Gerçek hayatta bildiğimi ya da bildiğimi sandığım dünyayı, bildiğim kelimelerle yeniden yaratabilen insanlara hayranım. Hiç bilmediğim, aklıma bile gelmeyecek şekillerde yaratanlara... Dünyanın sınırsızlığını, insanın sınırsızlığını, hayal gücünün sınırsızlığını hissettirenlere... Yani fantastiğe, bilimkurguya, büyülü gerçekçiliğe... Adını ne koyarsanız koyun, sınırsız dünyanın nimetlerini misliyle onlara verebilenlere işte.
Türlerin çizdiği sınırların dayatmasından bıkan iki isim Neil Gaiman ve Al Sarrantonio. “Bize daha önce bin kez gördüğümüz bir şeyi sanki ilk kez görüyormuşuz gibi sunacak o büyülü ışığa sahip öyküleri” okumak istediklerini dillendirmişler karşılıklı. Ancak kurmacanın yaşatacağı bir deneyimi, “peki sonra ne olmuş” dedirtecek “o” öyküleri.
Öyküler sıra dışı bir antoloji değil, en azından öyle görüneninden değil. Ama biraz daha dikkatli bakarsanız Lawrence Block ile Chuck Palahniuk’u aynı kitap içinde görmenin heyecanına kapılabilirsiniz benim gibi! Ya da Joyce Carol Oates ve Jodi Picoult’yu... Ağız sulandırıcı kısmını geçtikten sonra midenizdeki taşla yola devam edebilirsiniz, “Peki sonra ne olmuş?” diyerek.
Ne mi olmuş? Gerçekçilik, aşırı gerçekçilikle aşırı gerçeküstücülüğün birbirine karıştığı öyküler bir araya gelmiş. Hemen her öyküde sıradan bir insanın hayata baktığı noktanın çok daha ötesinden bakan yazarların sesi var. Gerçekten baktığınız şeyi görüp görmediğiniz konusunda şüpheye düşürecek sesler. İnsan suretinde dünyada yaşayan tanrılar, tanrıya dönüşen insanlar, vampirler... Ama işte tam olarak sınır bu sıra dışılıklar değil. Ya da sıra dışı saydıklarımız. Jodi Picoult’nun öyküsündeki acısının yüküyle büyüyen ya da küçülen insanlar gibi. Hepsini hangi mantıkla bir araya getirdiler tam olarak bilinmez ama her öyküde hemen hemen aynı olan tek bir şey var; şu hayatta yaşayan herkesin aradığı bir şey var ve kesinlikle diğerlerinden farklı.

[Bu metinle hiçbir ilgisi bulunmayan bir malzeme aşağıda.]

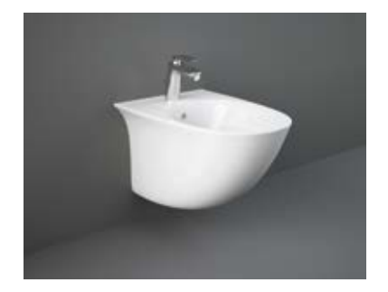
52 CM SENBD21019WHA Hidden Fixations

İyilik ya da kötülüğün hangi surette olduğu çok da mühim değil. Gerçek olan iç içe olmaları ve sizin hangisine dahil olduğunuz. Kendi varlığıyla savaşanlar, bulduktan sonra ne yapacağını bilmeyenler, tutkularına tutkun olanlar. Gerçek kahramanlar. Sen ben biz... ve dahası onlar.
Yeni bir dünya, bambaşka bir bakış açısı oluşturmada usta olan yazarların bir araya geldiği Öyküler, kısacık sayfalarda kendinizi bir anda olayın içinde bulma etkisi yaratıyor. Yalnızca hayal güçleri için değil, güçlü kalemlerini hiç acımadan kullandıkları için de. Tüm bunların yanı sıra belki her öykü ciğerinizden bir parça söküyor. Peki ya sonra? Evet, amacına ulaşmış bir antoloji kesinlikle, zira öykünün devamı için merakla sormanın yanı sıra bir sonraki öyküye geçme isteği uyandırdığı için...
Neil Gaiman giriş yazısında, “Özlemini duyduğumuz, okumayı istediğimiz şeyler, bizde merak uyandıran, bizi sayfaları çevirmeye zorlayan öykülerdi. Ve evet, iyi yazılmış şeyleri okumak istiyorduk. (Neden daha azıyla yetinecektik ki?)” diye anlatıyor. Daha azıyla yetinmedikleri için teşekkür etmek kalıyor geriye.